Exercise:
Quote the entries word for word. Omit the pictures.
===============
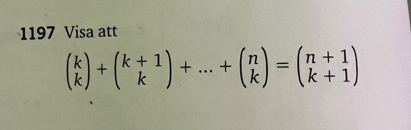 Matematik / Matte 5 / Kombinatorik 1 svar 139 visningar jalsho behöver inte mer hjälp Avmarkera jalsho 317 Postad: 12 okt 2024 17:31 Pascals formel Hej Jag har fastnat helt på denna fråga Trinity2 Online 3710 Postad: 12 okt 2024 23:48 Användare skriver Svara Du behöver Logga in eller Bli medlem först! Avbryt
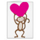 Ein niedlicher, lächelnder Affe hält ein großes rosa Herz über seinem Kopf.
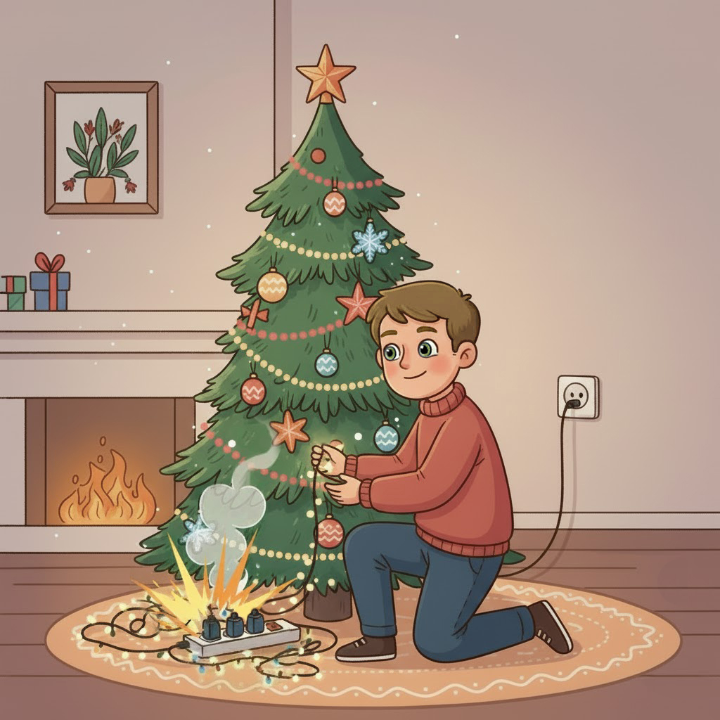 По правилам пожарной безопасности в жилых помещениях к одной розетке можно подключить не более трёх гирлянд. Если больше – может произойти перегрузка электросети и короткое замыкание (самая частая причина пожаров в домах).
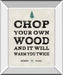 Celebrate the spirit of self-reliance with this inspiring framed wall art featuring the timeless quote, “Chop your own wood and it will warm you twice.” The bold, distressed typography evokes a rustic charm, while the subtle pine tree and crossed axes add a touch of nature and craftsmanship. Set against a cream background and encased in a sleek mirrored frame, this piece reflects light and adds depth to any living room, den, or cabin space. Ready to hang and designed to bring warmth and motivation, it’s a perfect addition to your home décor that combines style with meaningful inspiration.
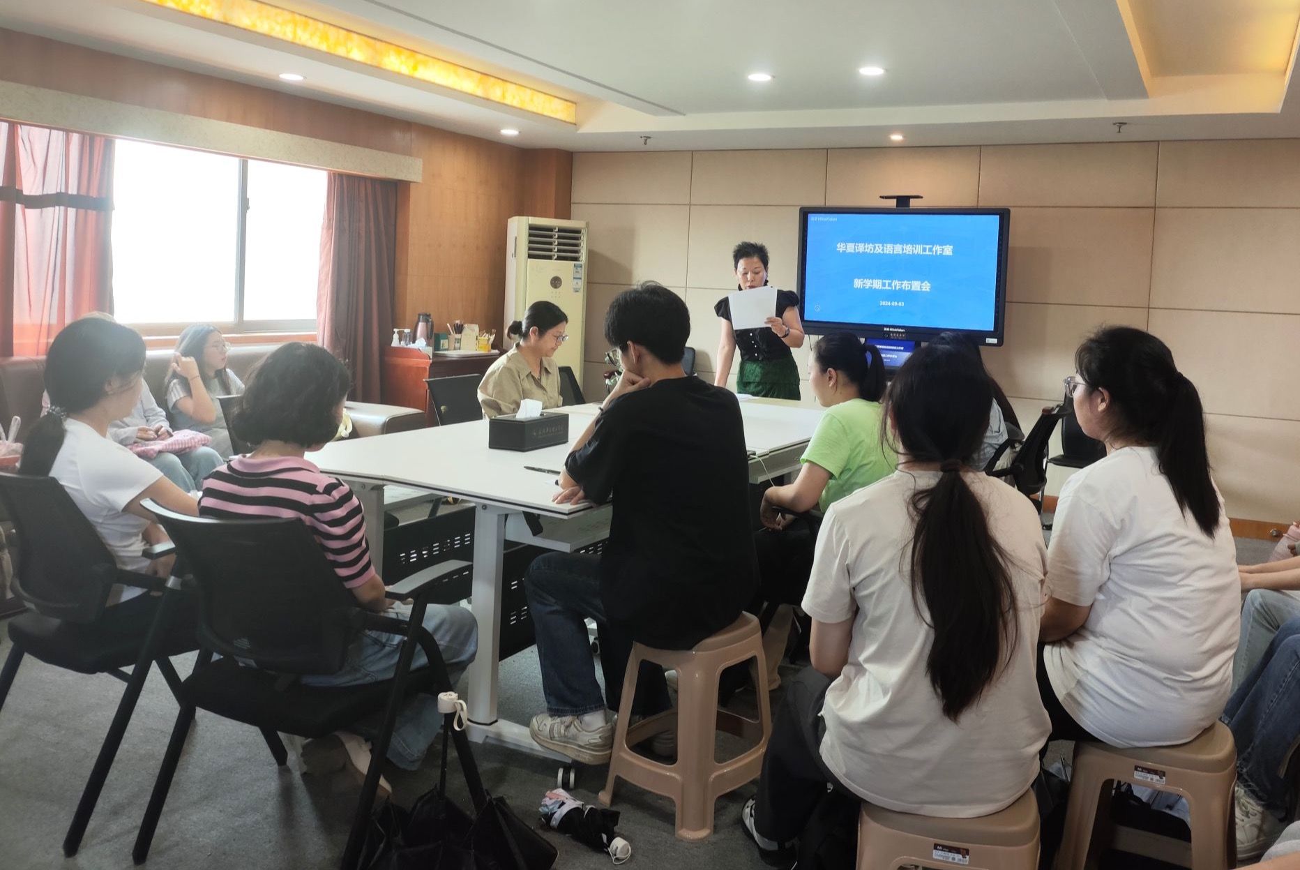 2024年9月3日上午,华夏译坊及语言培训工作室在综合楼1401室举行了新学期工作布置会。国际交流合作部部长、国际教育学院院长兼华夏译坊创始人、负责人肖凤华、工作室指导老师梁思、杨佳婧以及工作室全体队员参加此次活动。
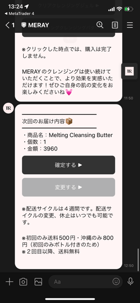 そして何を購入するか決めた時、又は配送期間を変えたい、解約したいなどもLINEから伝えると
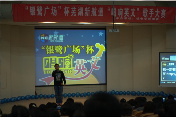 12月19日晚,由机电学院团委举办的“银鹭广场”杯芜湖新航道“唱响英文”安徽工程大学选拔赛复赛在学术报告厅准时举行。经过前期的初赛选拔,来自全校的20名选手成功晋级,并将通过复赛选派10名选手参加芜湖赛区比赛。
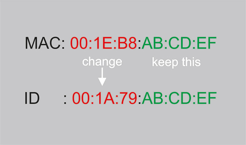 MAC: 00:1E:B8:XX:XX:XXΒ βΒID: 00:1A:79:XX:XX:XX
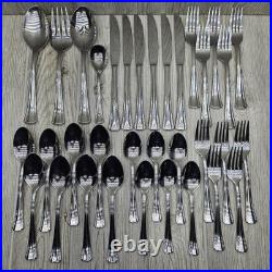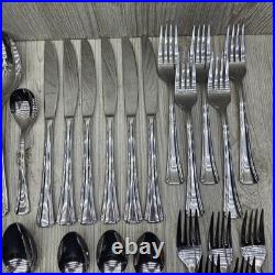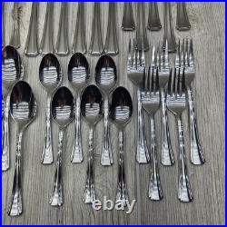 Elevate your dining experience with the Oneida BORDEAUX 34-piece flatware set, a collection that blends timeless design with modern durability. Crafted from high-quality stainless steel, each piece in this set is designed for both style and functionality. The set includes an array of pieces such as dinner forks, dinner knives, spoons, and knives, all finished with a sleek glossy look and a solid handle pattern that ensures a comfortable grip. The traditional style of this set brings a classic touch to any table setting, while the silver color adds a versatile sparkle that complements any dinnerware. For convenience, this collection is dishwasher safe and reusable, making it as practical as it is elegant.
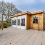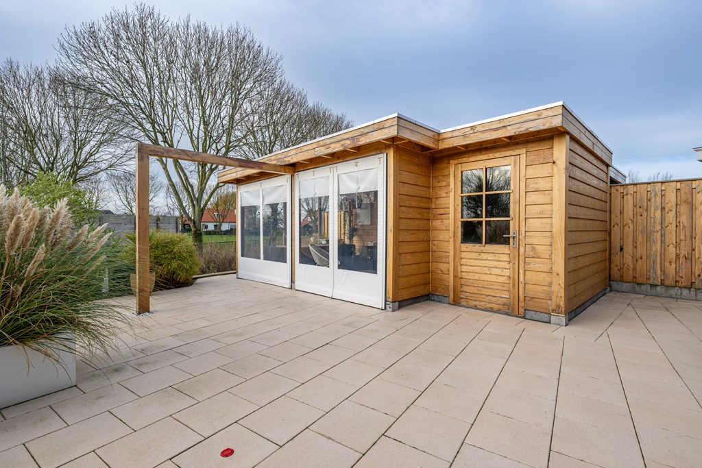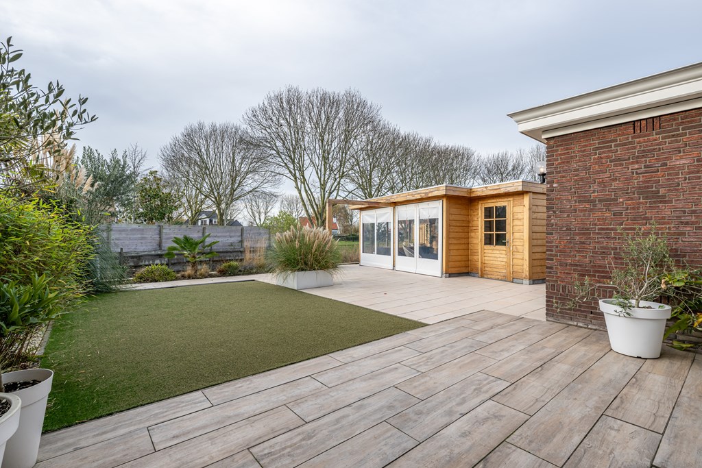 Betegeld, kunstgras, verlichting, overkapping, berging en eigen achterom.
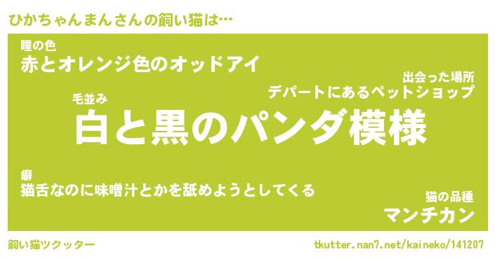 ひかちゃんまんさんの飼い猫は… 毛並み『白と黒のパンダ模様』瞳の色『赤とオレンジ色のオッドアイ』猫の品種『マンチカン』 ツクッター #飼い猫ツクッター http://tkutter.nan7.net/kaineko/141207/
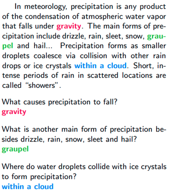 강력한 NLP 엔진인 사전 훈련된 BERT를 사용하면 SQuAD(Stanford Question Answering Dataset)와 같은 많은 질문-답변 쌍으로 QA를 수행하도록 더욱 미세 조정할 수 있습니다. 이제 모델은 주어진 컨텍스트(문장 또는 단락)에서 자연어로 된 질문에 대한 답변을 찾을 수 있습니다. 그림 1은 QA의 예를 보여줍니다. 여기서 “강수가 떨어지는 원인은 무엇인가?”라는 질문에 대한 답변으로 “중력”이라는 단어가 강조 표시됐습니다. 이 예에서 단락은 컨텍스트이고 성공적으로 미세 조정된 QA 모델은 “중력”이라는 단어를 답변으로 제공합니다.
===============
Solution to this exercise:
 Matematik / Matte 5 / Kombinatorik 1 svar 139 visningar jalsho behöver inte mer hjälp Avmarkera jalsho 317 Postad: 12 okt 2024 17:31 Pascals formel Hej Jag har fastnat helt på denna fråga Trinity2 Online 3710 Postad: 12 okt 2024 23:48 Användare skriver Svara Du behöver Logga in eller Bli medlem först! Avbryt
 Ein niedlicher, lächelnder Affe hält ein großes rosa Herz über seinem Kopf.
 По правилам пожарной безопасности в жилых помещениях к одной розетке можно подключить не более трёх гирлянд. Если больше – может произойти перегрузка электросети и короткое замыкание (самая частая причина пожаров в домах).
 Celebrate the spirit of self-reliance with this inspiring framed wall art featuring the timeless quote, “Chop your own wood and it will warm you twice.” The bold, distressed typography evokes a rustic charm, while the subtle pine tree and crossed axes add a touch of nature and craftsmanship. Set against a cream background and encased in a sleek mirrored frame, this piece reflects light and adds depth to any living room, den, or cabin space. Ready to hang and designed to bring warmth and motivation, it’s a perfect addition to your home décor that combines style with meaningful inspiration.
 2024年9月3日上午,华夏译坊及语言培训工作室在综合楼1401室举行了新学期工作布置会。国际交流合作部部长、国际教育学院院长兼华夏译坊创始人、负责人肖凤华、工作室指导老师梁思、杨佳婧以及工作室全体队员参加此次活动。
 そして何を購入するか決めた時、又は配送期間を変えたい、解約したいなどもLINEから伝えると
 12月19日晚,由机电学院团委举办的“银鹭广场”杯芜湖新航道“唱响英文”安徽工程大学选拔赛复赛在学术报告厅准时举行。经过前期的初赛选拔,来自全校的20名选手成功晋级,并将通过复赛选派10名选手参加芜湖赛区比赛。
 MAC: 00:1E:B8:XX:XX:XXΒ βΒID: 00:1A:79:XX:XX:XX
 Elevate your dining experience with the Oneida BORDEAUX 34-piece flatware set, a collection that blends timeless design with modern durability. Crafted from high-quality stainless steel, each piece in this set is designed for both style and functionality. The set includes an array of pieces such as dinner forks, dinner knives, spoons, and knives, all finished with a sleek glossy look and a solid handle pattern that ensures a comfortable grip. The traditional style of this set brings a classic touch to any table setting, while the silver color adds a versatile sparkle that complements any dinnerware. For convenience, this collection is dishwasher safe and reusable, making it as practical as it is elegant.
 Betegeld, kunstgras, verlichting, overkapping, berging en eigen achterom.
 ひかちゃんまんさんの飼い猫は… 毛並み『白と黒のパンダ模様』瞳の色『赤とオレンジ色のオッドアイ』猫の品種『マンチカン』 ツクッター #飼い猫ツクッター http://tkutter.nan7.net/kaineko/141207/
 강력한 NLP 엔진인 사전 훈련된 BERT를 사용하면 SQuAD(Stanford Question Answering Dataset)와 같은 많은 질문-답변 쌍으로 QA를 수행하도록 더욱 미세 조정할 수 있습니다. 이제 모델은 주어진 컨텍스트(문장 또는 단락)에서 자연어로 된 질문에 대한 답변을 찾을 수 있습니다. 그림 1은 QA의 예를 보여줍니다. 여기서 “강수가 떨어지는 원인은 무엇인가?”라는 질문에 대한 답변으로 “중력”이라는 단어가 강조 표시됐습니다. 이 예에서 단락은 컨텍스트이고 성공적으로 미세 조정된 QA 모델은 “중력”이라는 단어를 답변으로 제공합니다.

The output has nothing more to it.